Describe what happens when a call of an admission webhook fails

Sample answer
It depends on the setting of failure policy of the webhook. For admissionregistration.k8s.io/v1, the default is Fail so that the request is rejected.
Describe how kube-apiserver prevents resource editing conflicts

Sample answer
All resources saved in etcd have a resource version that is updated every time it is edited. kube-apiserver utilizes this to reject conflicting edit requests if the resource revision is different from the saved one.

This mechanism is called optimistic locking and is applied to all PUT (update) requests.

cf. Optimistic lock control for Kubernetes API Server object modification
List and describe available PATCH methods
Sample answer
- JSON Patch: can be used for both built-in and custom resources.
- JSON Merge Patch: ditto. For the difference from JSON patch, read http://erosb.github.io/post/json-patch-vs-merge-patch/ .
- Strategic Merge Patch: can be used for only built-in resources.
- Server Side Apply: can be used for both built-in and custom resources.
  This works substantially differently from others.
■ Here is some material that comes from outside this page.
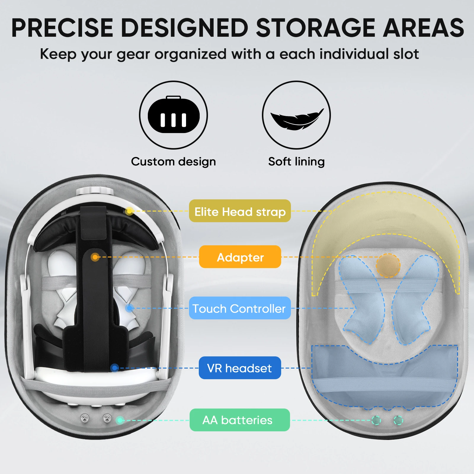 TENGA EN CUENTA: El estuche de transporte se adapta a la correa de élite original oficial con batería y a todas las correas para la cabeza de terceros, marcas como BO/BO-VR y diseño KI*WI. Estamos comprometidos a brindarle el viaje perfecto de la realidad virtual. Si no está satisfecho, comuníquese con nosotros a tiempo para devolverlo o reembolsarlo.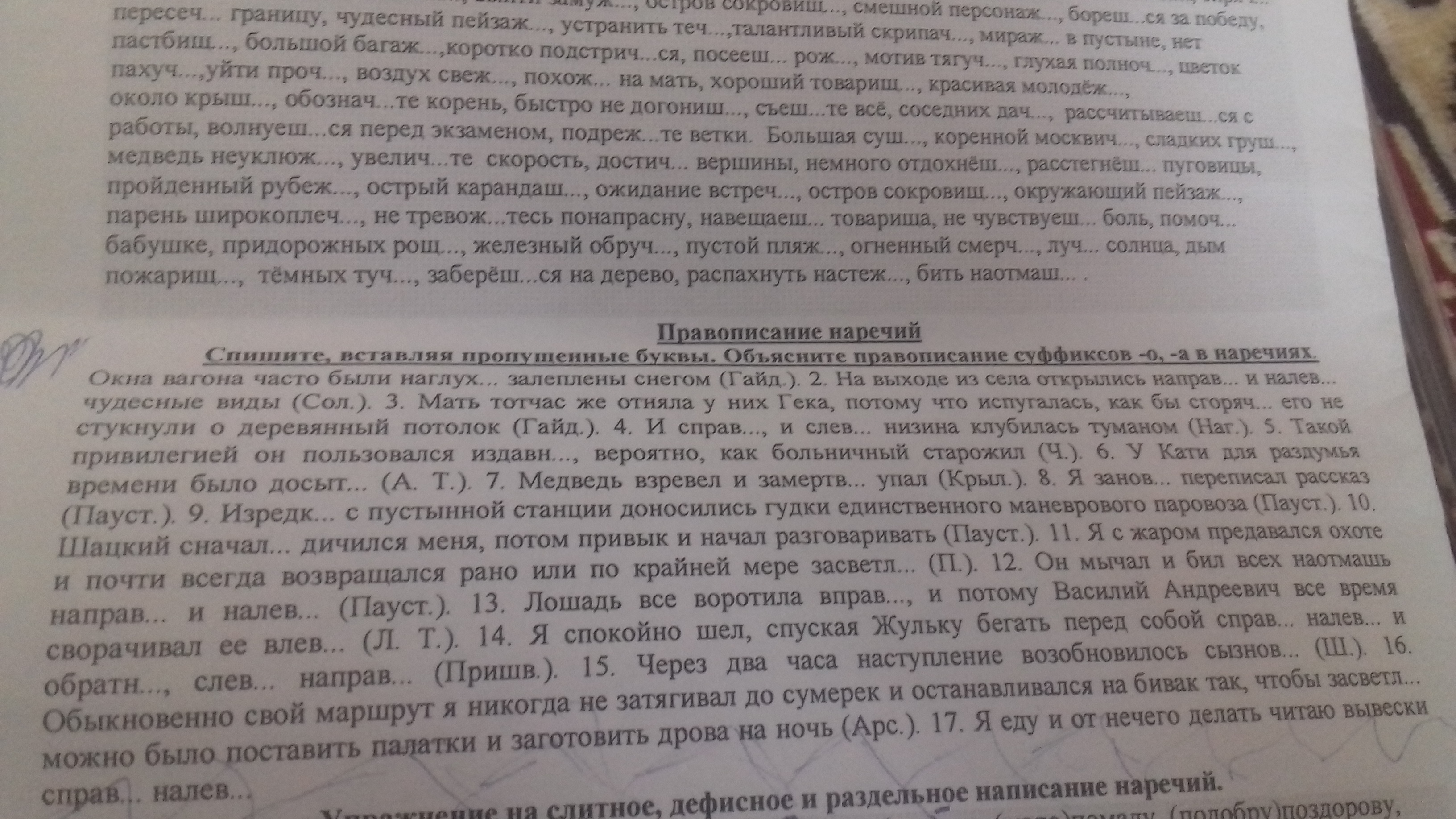 1.Окна вагона часто были наглухО залеплены снегом. 2.На выходе из села открылись направО и налевО чудесные виды. 3.Мать тотчас же отняла у них Гека,потому что испугалась,как бы сгорячА его не стукнули о деревянный потолок. 4.И справА,и слевА низина клубилась туманом. 5.Такой привилегией он пользовался издавнА,вероятно,как больничный старожил. 6.У Кати для раздумья времени было досытА. 7.Медведь взревел и замертвО упал. 8.Я зановО переписал рассказ. 9.ИзредкА с пустынной станции доносились гудки единственного маневрового паровоза. 10.Шацкий сначалА дичился меня,потом привык и начал разговаривать. 11.Я с жаром предавался охоте и почти всегда возвращался рано или по крайней мере засветлО. 12.Он мычал и бил всех наотмашь направО и налевО. 13.Лошадь всё воротила вправО,и потому Василий Андреевич всё время сворачивал её влевО. 14.Я спокойно шёл,спуская Жульку бегать перед собой справА налевО и обратно,слевА направО. 15.Через два часа наступление возобновилось сызновА. 16.Обыкновенно свой маршрут я не затягивал до сумерек и останавливался на бивак так,чтобы засветлО можно было поставить палатки и заготовить дрова на ночь. 17.Я еду и от нечего делать читаю вывески справА налевО...В наречиях с приставками из-, до-, с- на конце пишется суффикс -а, в наречиях с приставками в-, на-, за- на пишется суффикс -о.

Fields in resources may have owners, and the owners manage only their fields.
cf. PATCH operations
cf. An example of using dynamic client of k8s.io/client-go
Describe subresources

Sample answer
Subresources are a partial element of a resource for which a REST API endpoint is provided separately from the main resource. The most common subresource is /status that represents status element.

Since subresources have an independent set of API endpoint and verbs, they have independent RBAC permissions from the main resources.

cf. Types (Kinds)
Describe what is the storage version of API

Sample answer
Each Kubernetes API is versioned. When an incompatible change is introduced to an API, its version is bumped.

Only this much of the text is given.